Janus-1.3B-ONNX - Can't create a session. Failed to allocate a buffer
Opened this issue · 6 comments
System Info
Transfomer.js version: "@huggingface/transformers": "^3.1.0"
Environment/Platform
- Website/web-app
- Browser extension
- Server-side (e.g., Node.js, Deno, Bun)
- Desktop app (e.g., Electron)
- Other (e.g., VSCode extension)
Description
I was trying the code provided in the onnx-community/Janus-1.3B-ONNX
repository, but I encountered the following error:
ort.webgpu.bundle.min.mjs:2603 Uncaught Error: Can't create a session. Failed to allocate a buffer of
size 2079238052.
at jt (ort.webgpu.bundle.min.mjs:2603:25061)
at Pr (ort.webgpu.bundle.min.mjs:2603:25240)
at Kl (ort.webgpu.bundle.min.mjs:2603:34605)
at mn.loadModel (ort.webgpu.bundle.min.mjs:2603:36389)
at fn.createInferenceSessionHandler (ort.webgpu.bundle.min.mjs:2603:38145)
at e.create (ort.webgpu.bundle.min.mjs:6:19471)
at async createInferenceSession (onnx.js:163:1)
at async models.js:301:1
at async Promise.all (:5173/index 0)
at async constructSessions (models.js:298:1)
I believe that 2079238052 bytes (approximately 1.94 GB) is less than 2 GB, so it shouldn't be causing this issue. Additionally, I noticed that the file preprocessor_config.json
is being downloaded or loaded twice.
Reproduction
import { AutoProcessor, MultiModalityCausalLM } from "@huggingface/transformers";
const model_id = "onnx-community/Janus-1.3B-ONNX";
const processor = await AutoProcessor.from_pretrained(model_id);
const model = await MultiModalityCausalLM.from_pretrained(model_id);
Can you try using WebGPU? Also, I recommend the following dtypes, depending on whether fp16 is supported or not.

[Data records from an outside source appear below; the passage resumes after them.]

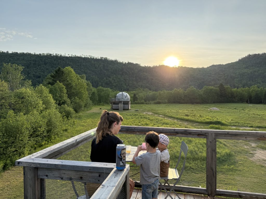 Nous sommes partis vendredi vers l'heure du dîner pour profiter de la sieste des garçons sur la route. Les parents aguerris comprendront que c'est le meilleur moment pour tenter de faire le plus de kilomètres entre Montréal et La Tuque. Nous avons fait un arrêt rapide à Trois-Rivières pour faire notre épicerie, nous dégourdir les jambes et faire le plein. Nous sommes donc arrivés en fin d'après-midi chez Méandre. De la route, on a tout de suite aperçu les dômes imposants et majestueux sous le soleil de juin. Nous avions hâte de voir l'intérieur et avons été étonnés par leur taille! Les dômes sont, en fait, sur une plateforme de bois sous laquelle se trouve un coin salon et détente, un coin repas, un immense hamac, une balançoire et même un barbecue.
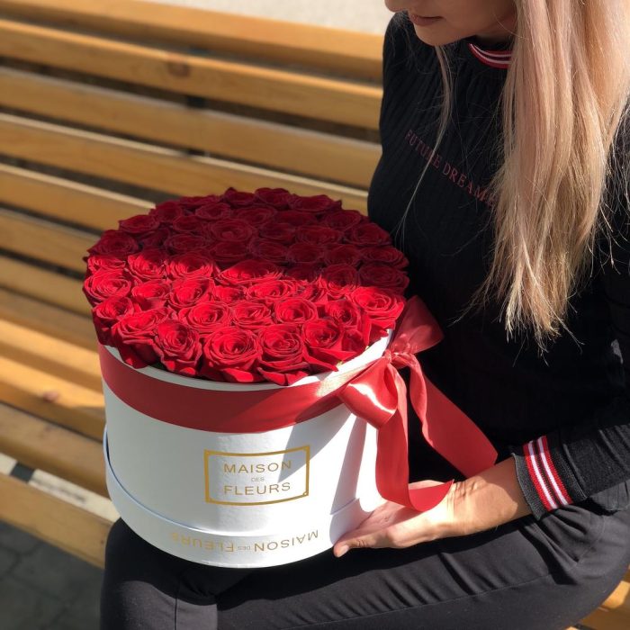 Прекрасная классическая композиция из Красных роз в белой фирменной Коробке, перевязанная шелковой лентой.
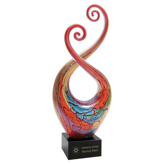 Trophée en verre artistique multicolore torsadé sur base noire

const model_id = "onnx-community/Janus-1.3B-ONNX";
const fp16_supported = true; // do feature check
const model = await MultiModalityCausalLM.from_pretrained(model_id, {
dtype: fp16_supported
? {
prepare_inputs_embeds: "q4",
language_model: "q4f16",
lm_head: "fp16",
gen_head: "fp16",
gen_img_embeds: "fp16",
image_decode: "fp32",
}
: {
prepare_inputs_embeds: "fp32",
language_model: "q4",
lm_head: "fp32",
gen_head: "fp32",
gen_img_embeds: "fp32",
image_decode: "fp32",
},
device: {
prepare_inputs_embeds: "wasm", // TODO use "webgpu" when bug is fixed
language_model: "webgpu",
lm_head: "webgpu",
gen_head: "webgpu",
gen_img_embeds: "webgpu",
image_decode: "webgpu",
},
})
It's working now, thanks, @xenova! Much appreciated.

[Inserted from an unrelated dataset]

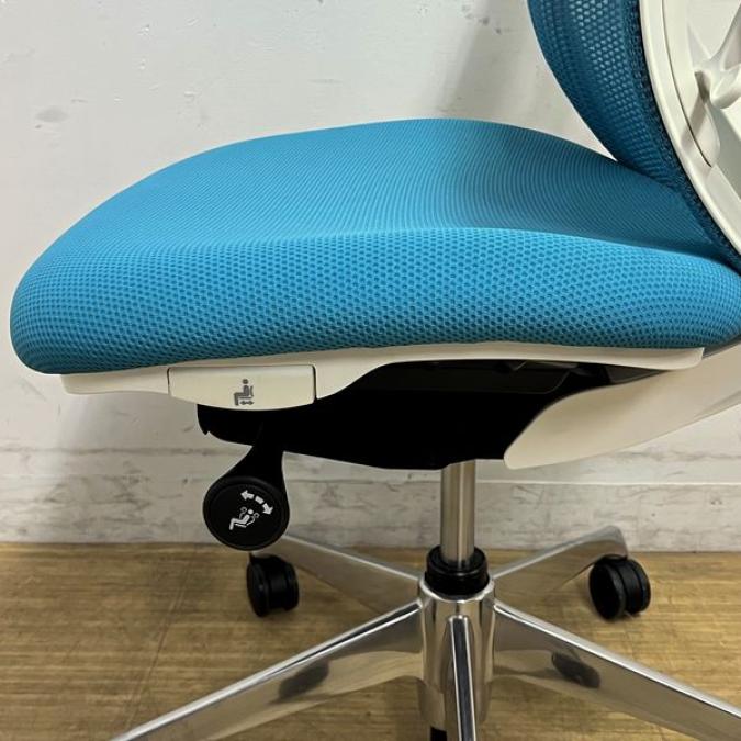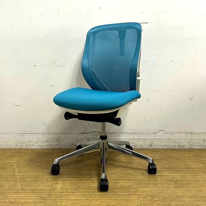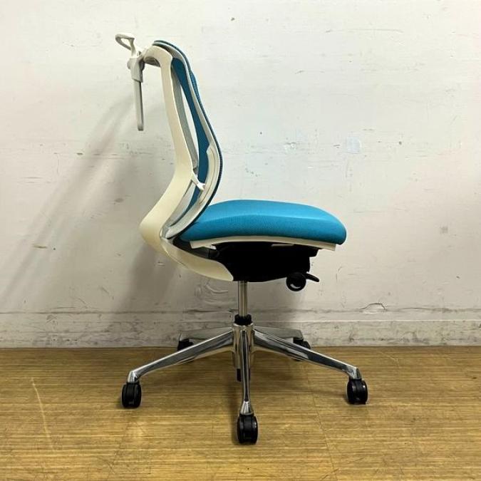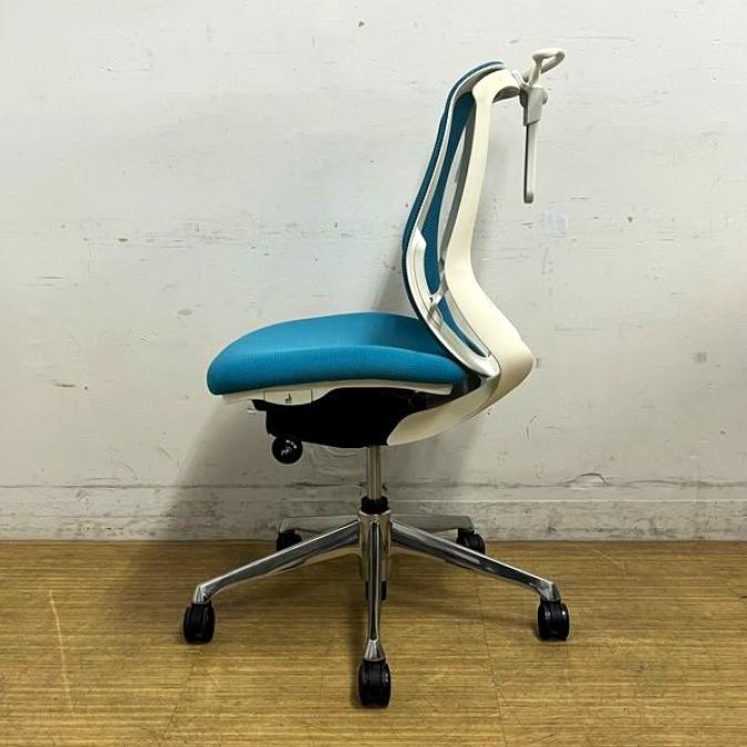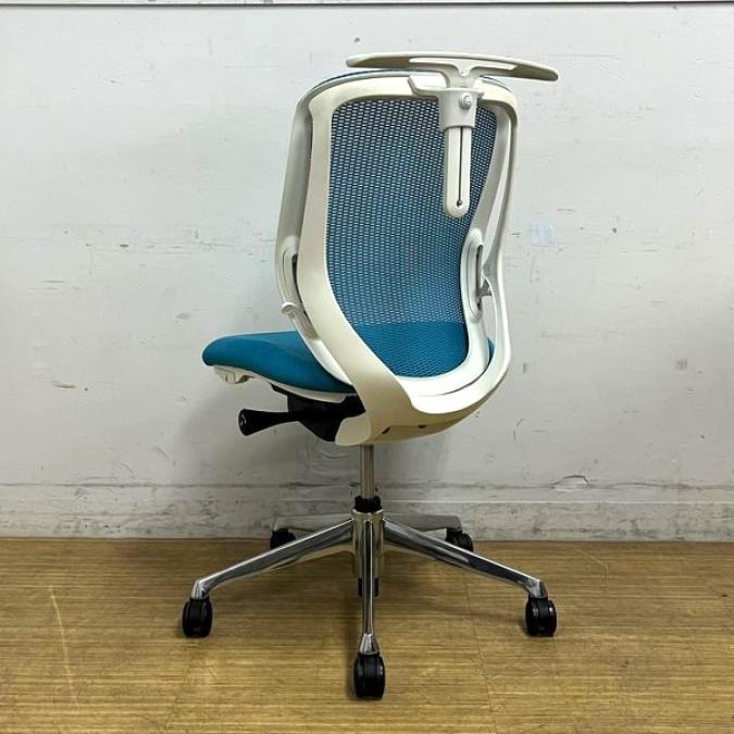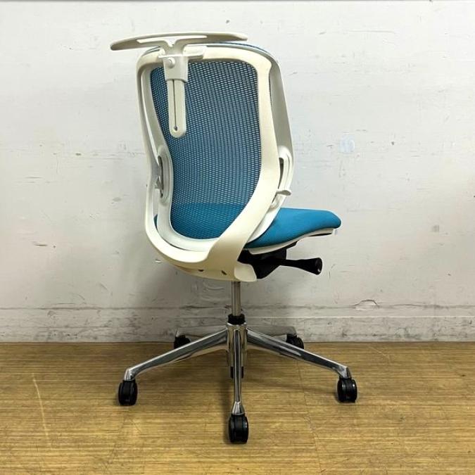 【在庫入替セール】オカムラ シルフィー ローバック メッシュタイプ 肘無しモデル ブルーグリーン×ホワイトフレーム ポリッシュ脚 コートハンガー付き- 名古屋千種店

I will wait for the bug to be fixed.
Is it possible to pass the following parameters to the generate_images
function: width
, height
, cfg_weight
, and parallel_size
?
Do you have an example for how to do this in the python library? My understanding is that the model generates exactly 576 tokens, so unless the image decoder can produce higher quality images, it can currently only generate 384x384 images.
My bad, you're right—it's 384x384 after checking their docs. But what about guidance
and parallel_size
?
You should be able to pass e.g., guidance_scale: 4to the
generate_images` function. Batched generation technically works, but needs a bit more experimentation.